Les confessions de Renaud

Les confessions de Renaud

PHOTO COURTOISIE
Comme un enfant perdu Renaud Séchan Éditions XO

Cette fois-ci, c’est Renaud lui-même qui se raconte et ses confessions sont tout à fait troublantes. On y apprend sans doute peu de choses «croustillantes», tant la vie de ce chanteur qui se définit comme anarchiste a été comme un grand livre ­ouvert. Mais aucune trace de L’Éléouet, aucune mention de la ­biographie qu’il a écrite, pourtant sympathique et grandeur ­nature.

Tout comme Obélix tombé dans la potion magique dès sa naissance, Renaud tombera dans un bain de politique dès son plus jeune âge (un peu plus tard, ce sera dans un bol de Ricard!). Avec des grands-parents communistes, un père écrivain qui prend le parti de l’indépendance de l’Algérie, une mère de gauche qui n’hésite pas à descendre dans la rue pour manifester, son destin était tout tracé. S’il adhère aux idées de gauche, par mimétisme au début, puis par conviction sincère, il ne négligera pas pour autant la chasse aux filles, les deux allant de pair, manifestement.

Dans cet ouvrage où chaque mot est pesé et soupesé, Renaud s’attarde à décrire sa famille, côté mère et côté père, tant les deux ont joué un rôle important dans sa formation politique et sociale.
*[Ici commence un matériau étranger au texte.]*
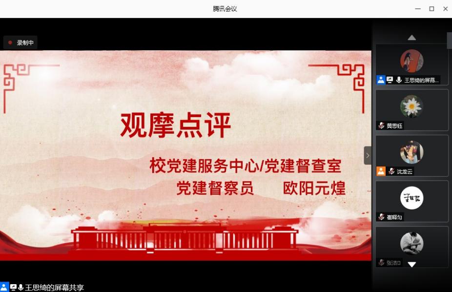 校党建服务中心/党建督查室督察员欧阳元煌老师做观摩点评,他认为支部组织生活学习内容准备详尽,支部党员同志发言内容精炼,都能够结合自身专业特点和个人情况抓住重点,紧扣主题,充分开展守初心、勇担当的交流学习,真正做到“党性锤炼守初心,砥砺奋进勇担当”。
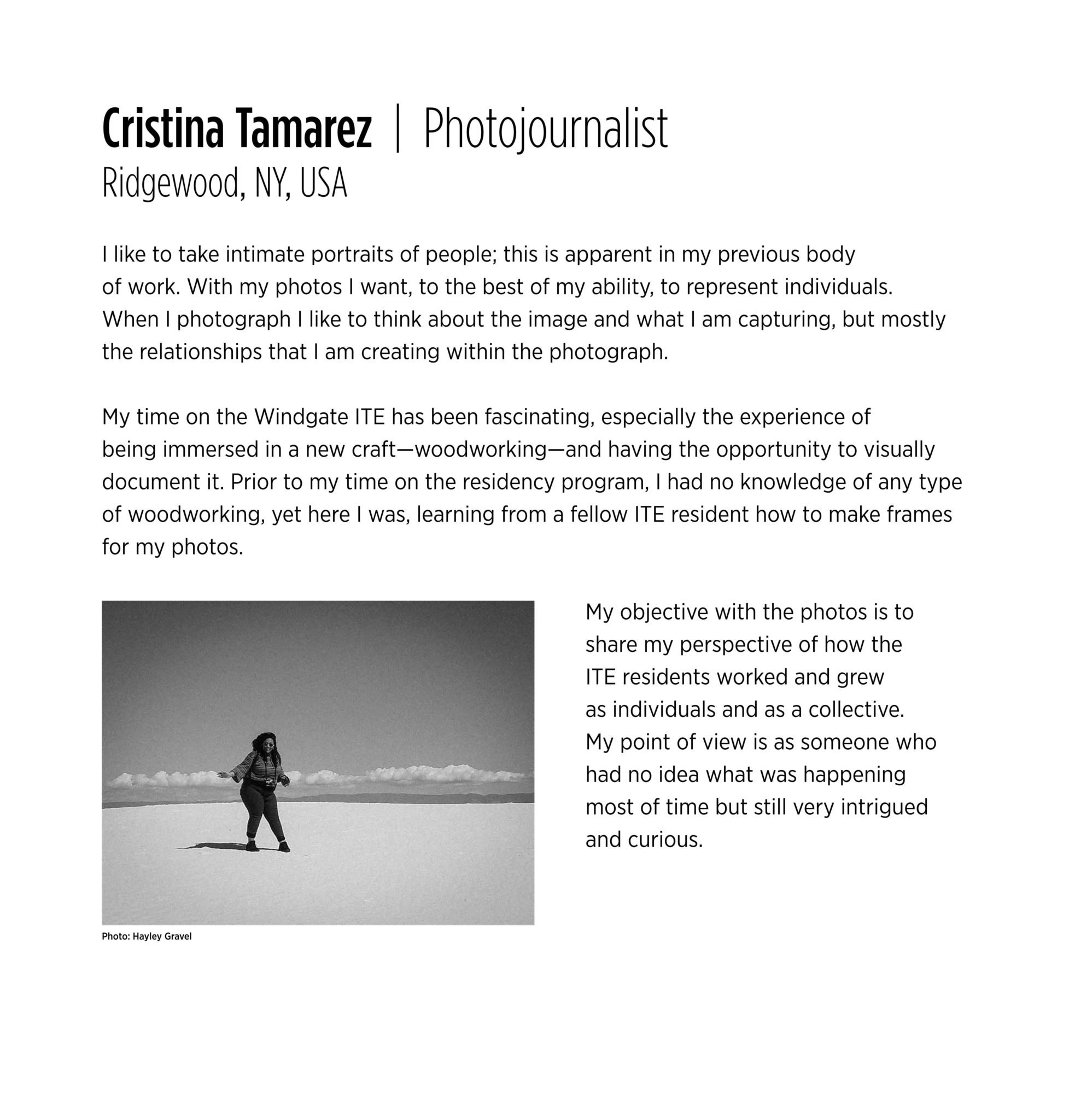 The 2018 Windgate ITE Resident Fellows are: Cha Jong-Rye, Artist (Gyeonggi do, Korea); Vivian Chiu, Artist (NY, USA); Morgan Hill, Artist, (NC, USA); Jack Mauch, Artist (MA, USA); Michael Puryear, Artist (NY, USA); Janine Wang, Student artist (NY, USA); Cristina Tamarez, Photojournalist (NY, USA); Seán Breen, Scholar (Connacht, Ireland)
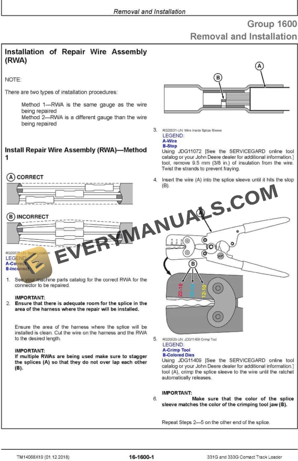 John Deere 331G 333G Compact Track Loader Repair Manual TM14068X19

Il gardera toujours un fort sentiment de culpabilité envers son père. Parce qu’il n’a pas suivi le modèle qu’il lui avait tracé. Parce qu’il n’a pas fréquenté l’école pendant longtemps, contrairement à ses frères et sœurs. Parce qu’il a réussi, qu’il est devenu très riche, malgré ses échecs scolaires. Parce que son père a toujours refusé de reconnaître le succès de son fils et d’accepter les cadeaux que voulait lui faire ce fils rebelle. Mais de son court passage au lycée, il retiendra «la nécessité de s’engager contre l’indifférence, contre la faim, contre les guerres, contre la bombe, contre les dictatures de par le monde, pour sauver ce qui peut encore l’être». Il fêtera ses 16 ans, «le 11 mai 1968, sur une barricade de la rue Gay-Lussac». C’est ­pendant ce grand mouvement de révolte qu’il composera, paroles et musique, sa première chanson, Crève, salope!, reprise par tous les lycéens en colè­re.
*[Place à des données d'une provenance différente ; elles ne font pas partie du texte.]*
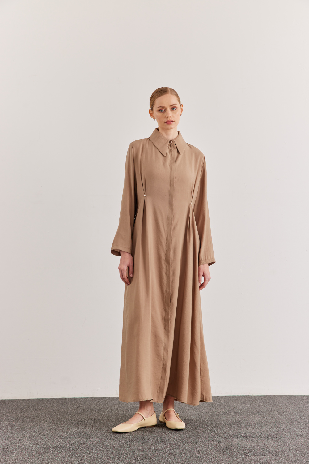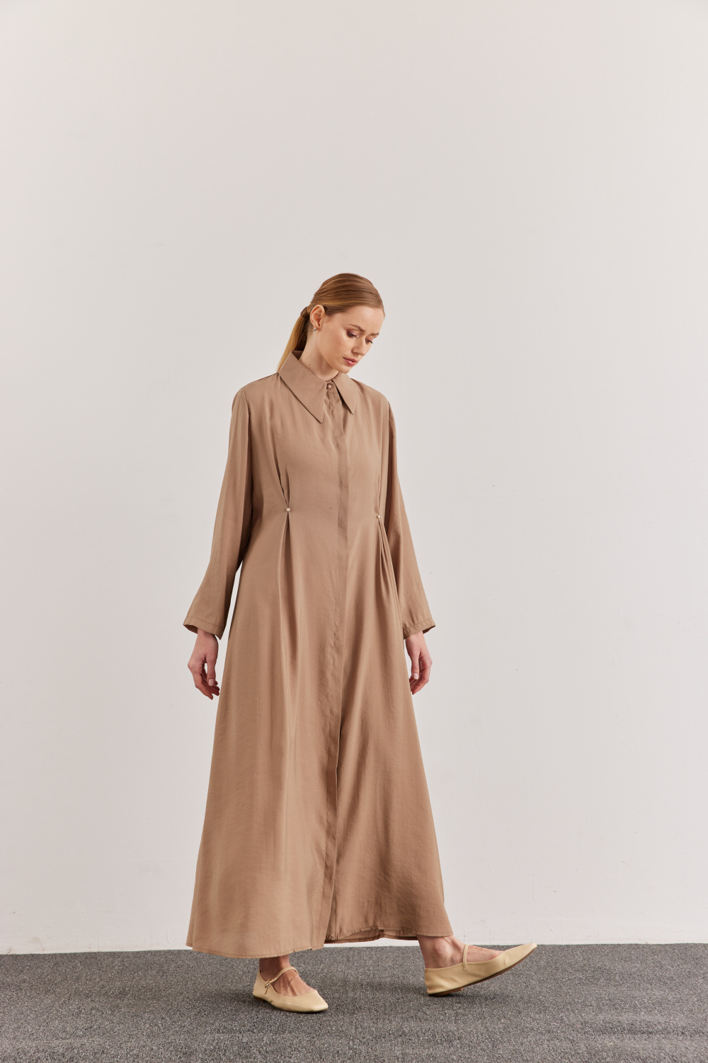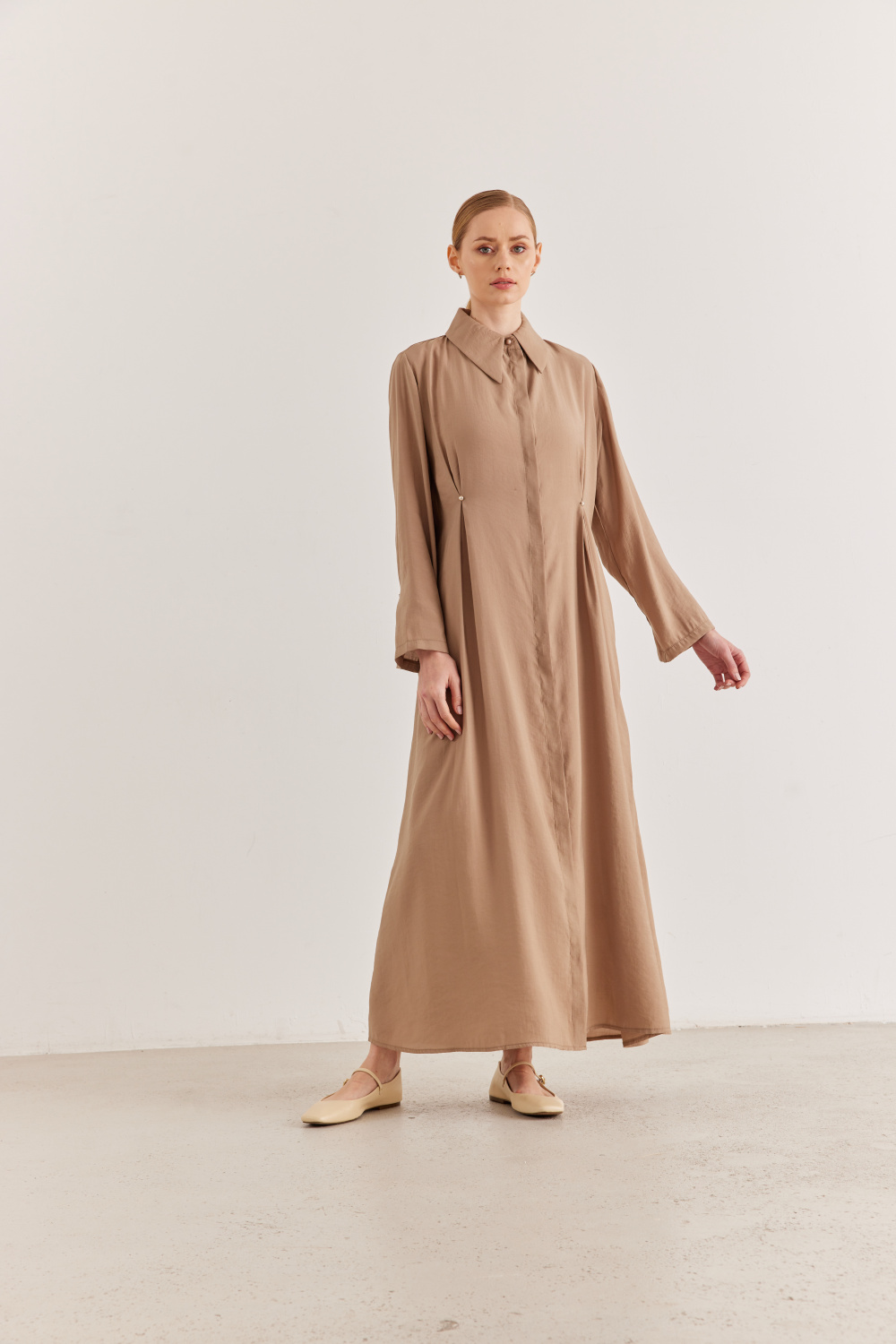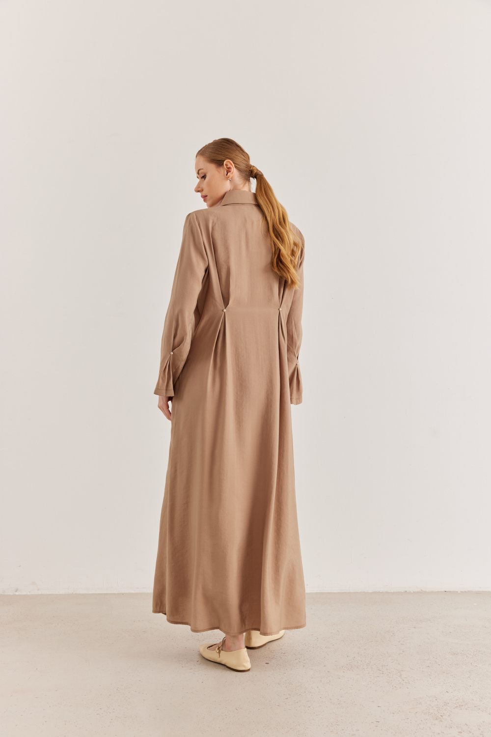Ürün Detayları: Ön düğme kapamalı, gömlek yakalı, ön, arka, kol inci detaylı rahat kalıp uzun elbise

Récit d’un succès inattendu

Renaud nous raconte tous ses succès, chiffres à l’appui, ce qui est un petit peu lassant à la longue. On retient bien évidemment qu’il a vendu des millions de disques et chanté devant autant de personnes. On a droit à des extraits d’une soixantaine de ses chansons les plus populaires, dont Mistral gagnant, consacrée «plus grande chanson de la francophonie».

Renaud sera toujours gêné de son succès et de l’énorme compte en banque qui est venu avec, lui, «le fils raté». «Je me refuse à endosser la parure éblouissante de l’artiste reconnu, de la “star”, comme disent les médias.» Pour se faire pardonner d’être si fortuné, il a multiplié les dons aux organismes sociaux tout en se faisant un devoir de payer ses impôts, en déclarant même plus qu’il n’en faut «de crainte d’être associé à un ­fraudeur».

Il n’a que 54 ans et déjà la Poste française édite un ­timbre à son effigie, il entre dans le Petit Larousse, reçoit le trophée des «Nuits de la presse» pour l’ensemble de son œuvre, une maison d’édition publie tous ses manuscrits (chansons, ­lettres personnelles, premiers poèmes, dessins, etc.) Et trois ­biographies sortent en librairie.

Mais le plus ahurissant dans cette histoire, c’est certainement sa paranoïa développée à l’égard de communistes de l’époque soviéti­que et des communistes cubains. Son délire éthylique lui fait voir des espions partout, qui le suivent à la trace et écoutent ses conversations, même à l’ambassade de France à La Havane, même chez lui à Paris. Une véritable obsession, difficilement explicable, «les communistes me veulent du mal, ils veulent ma mort, sans que je sache ce que j’ai commis pour mériter ce châtiment», sinon qu’il se prend pour le Christ, comme il l’a avoué à un psychiatre.

Bref, une autobiographie remplie de surprises et de beaux moments.